Не буду вам до малейшей подробности описывать этого праздника, столь известного из многих описаний и рассказанного так исправно сладострастным певцом Римских элегий, который светлую эпоху любви праздновал в Риме. Сообщу вам одно общее его впечатление, некоторые статистические известия и доставлю случай заметить черты характера народного, который преимущественно обнаруживается в общественных зрелищах.

По уверению всех старожилов здешних, Римский карнавал весьма много утратил от своего прежнего блеска. Прежде в это время не встречалось почти ни одного лица на Корсо — все маски; ныне напротив: маски стали редки, а все видишь лица. Обычаю прежнему более верен простой народ, который всегда в этом отношении отличается постоянством перед прочими сословиями. Прежде богатые и знатные фамилии Рима, известнейшие художники сочиняли живые картины, которые в огромных ландо, нарочно для сего приготовленных, прогуливались по Корсо. Предание говорит до сих пор о смерти Сократа, об Олимпе, где блистали все красавицы Рима, и Канова расточил свое воображение, о Сатире, написанной на сей Олимп поэтом Джирарде, о стихах в честь красавицы, изображавшей Прозерпину:

Si nel inierno ci fosse un tal viso,

L’inferno divereble paradiso.

Все проходит. Замечательно, что в Риме искореняются все древние обычаи. К празднику Рождества Христова уже не тратят денег на приготовление восковых картин, которые изображали рождения Спасителя и учреждались художниками на балконах домов и в церквях. В день Крещения не пугает детей и в овощных лавках не дарит их сластями страшилищная Вехана. Главная причина таких изменений есть бедность, доводящая народ до крайности. Несмотря на сие, однако, он верен своему веселому, свободному характеру и на Карнавале забывает свое горе.
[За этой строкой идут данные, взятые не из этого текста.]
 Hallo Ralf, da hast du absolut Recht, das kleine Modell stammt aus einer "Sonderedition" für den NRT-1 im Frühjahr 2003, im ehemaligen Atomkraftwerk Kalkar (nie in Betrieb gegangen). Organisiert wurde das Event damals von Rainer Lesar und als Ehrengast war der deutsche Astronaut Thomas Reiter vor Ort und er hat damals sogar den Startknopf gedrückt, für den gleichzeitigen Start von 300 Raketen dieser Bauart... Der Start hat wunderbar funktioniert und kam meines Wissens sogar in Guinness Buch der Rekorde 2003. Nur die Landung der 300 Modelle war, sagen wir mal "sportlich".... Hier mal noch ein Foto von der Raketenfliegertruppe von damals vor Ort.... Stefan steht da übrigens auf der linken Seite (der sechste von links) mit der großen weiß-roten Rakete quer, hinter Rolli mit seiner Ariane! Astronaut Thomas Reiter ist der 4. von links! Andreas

По-прежнему в субботу перед неделей Карнавала в два часа по полудни раздается звон Капитолийского колокола, и Рим, скинув личину строгой важности, превращается в безумного, кипящего повесу-юношу.

Перед всеожиданным звуком в зале Капитолия совершается старинный обряд*: сенатору римскому** старшины жидов приносят подать и читают род клятвенной присяги. Прежде в обычае было, что сенатор давал толчка главному старшине и жиды вместо лошадей бегали по Корсо; ныне толчок делается одним знаком, а жиды, заменив себя конями, до сих пор платят за это подать***. По совершении обряда сенатор и его свита, предшествуемые отрядом войсковых музыкантов и драгунов с пестрыми знаменами, сходят с лестницы Капитолия и в золоченых каретах совершают торжественное шествие по Корсо.

______________________

* Происхождение этого обряда мне неизвестно, но я постараюсь об нем разведать.
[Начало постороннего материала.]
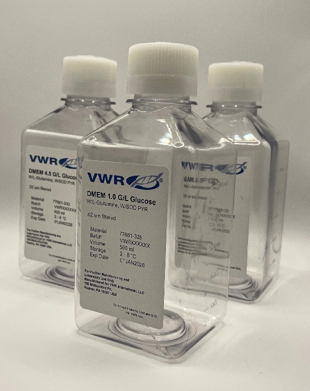 VWR® DMEM high glucose liquid media supports cell growth in research, upstream process development, and cell culture manufacturing processes., DMEM media contain increased concentrations of vitamins, minerals, and amino acids compared to traditional basal media. DMEM medium composition also includes ferric nitrate, making this cell culture medium an option for certain cell lines requiring iron for cell growth. DMEM media preparations are available in high or low glucose formulations, as well as with or without L-glutamine, magnesium, and sodium pyruvate. DMEM formulation options may also include phenol red as a pH indicator. All available DMEM media products contain a sodium bicarbonate buffer with or without HEPES to maintain optimal culture pH., 04_BodyText: VWR® DMEM raw material components are screened through strict quality control testing for lot-to-lot consistency. DMEM liquid media products are hydrated using purified water and undergo sterile filtration., 05_BodyText: DMEM is used for a variety of mammalian cell culture manufacturing processes and research applications. DMEM media formulations have supported tumorigenicity studies, virus replication analyses, and investigations into the influence of cell culture media on gene expression. DMEM medium is commonly used for adherent cells and has been the cell culture medium of choice for hybridoma, fibroblast, neuron, and smooth muscle cell lines as well as many other tissues types. DMEM medium is frequently combined with fetal bovine serum (FBS) as DMEM media composition does not include the growth factors, proteins, hormones, or lipids needed to promote cell growth., 02_BulletPoint: Manufactured in cGMP (21 CFR 820) compliant and ISO9001 certified facilities, DMEM/high: With 4500 mg/L glucose, 4.0 mM L-Glutamine, and 110 mg/L sodium pyruvate, Size: 500 ml, Storage Temperature: 2...8 °C, Cat. No.: 77661-366, VWR® DMEM high glucose liquid media supports cell growth in research, upstream process development, and cell culture manufacturing processes., DMEM media contain increased concentrations of vitamins, minerals, and amino acids compared to traditional basal media. DMEM medium composition also includes ferric nitrate, making this cell culture medium an option for certain cell lines requiring iron for cell growth. DMEM media preparations are available in high or low glucose formulations, as well as with or without L-glutamine, magnesium, and sodium pyruvate. DMEM formulation options may also include phenol red as a pH indicator. All available DMEM media products contain a sodium bicarbonate buffer with or without HEPES to maintain optimal culture pH., 04_BodyText: VWR® DMEM raw material components are screened through strict quality control testing for lot-to-lot consistency. DMEM liquid media products are hydrated using purified water and undergo sterile filtration., 05_BodyText: DMEM is used for a variety of mammalian cell culture manufacturing processes and research applications. DMEM media formulations have supported tumorigenicity studies, virus replication analyses, and investigations into the influence of cell culture media on gene expression. DMEM medium is commonly used for adherent cells and has been the cell culture medium of choice for hybridoma, fibroblast, neuron, and smooth muscle cell lines as well as many other tissues types. DMEM medium is frequently combined with fetal bovine serum (FBS) as DMEM media composition does not include the growth factors, proteins, hormones, or lipids needed to promote cell growth., 02_BulletPoint: Manufactured in cGMP (21 CFR 820) compliant and ISO9001 certified facilities, DMEM/high: With 4,500 mg/L glucose, with 4.0 mM L-Glutamine and 110 mg/L sodium pyruvate, Size: 500 ml, Sodium pyruvate: No, L-Glutamine: No, Storage Temperature: 2...8 °C, Cat. No.: 77661-364, VWR® DMEM high glucose liquid media supports cell growth in research, upstream process development, and cell culture manufacturing processes., DMEM media contain increased concentrations of vitamins, minerals, and amino acids compared to traditional basal media. DMEM medium composition also includes ferric nitrate, making this cell culture medium an option for certain cell lines requiring iron for cell growth. DMEM media preparations are available in high or low glucose formulations, as well as with or without L-glutamine, magnesium, and sodium pyruvate. DMEM formulation options may also include phenol red as a pH indicator. All available DMEM media products contain a sodium bicarbonate buffer with or without HEPES to maintain optimal culture pH., 04_BodyText: VWR® DMEM raw material components are screened through strict quality control testing for lot-to-lot consistency. DMEM liquid media products are hydrated using purified water and undergo sterile filtration., 05_BodyText: DMEM is used for a variety of mammalian cell culture manufacturing processes and research applications. DMEM media formulations have supported tumorigenicity studies, virus replication analyses, and investigations into the influence of cell culture media on gene expression. DMEM medium is commonly used for adherent cells and has been the cell culture medium of choice for hybridoma, fibroblast, neuron, and smooth muscle cell lines as well as many other tissues types. DMEM medium is frequently combined with fetal bovine serum (FBS) as DMEM media composition does not include the growth factors, proteins, hormones, or lipids needed to promote cell growth., 02_BulletPoint: Manufactured in cGMP (21 CFR 820) compliant and ISO9001 certified facilities, Without L-Glutamine, with sodium pyruvate, Size: 500 ml, Sodium pyruvate: Yes, L-Glutamine: No, Storage Temperature: 2...8 °C, Cat. No.: 77661-374, VWR® DMEM high glucose liquid media supports cell growth in research, upstream process development, and cell culture manufacturing processes., DMEM media contain increased concentrations of vitamins, minerals, and amino acids compared to traditional basal

** В Риме от блестящего древнего Сената осталась только одна развалина, один бессменный сенатор.

*** Замечательна еще подать, прежде платившаяся жидами за позволение ходить не в ворота Титовы, а в особенную калитку, которая для них нарочно была сделана. Несмотря на презрение к жидам, они весьма важный народ в Риме, ибо в их руках вся римская торговля. Им отделен особый квартал, называемый qhetto.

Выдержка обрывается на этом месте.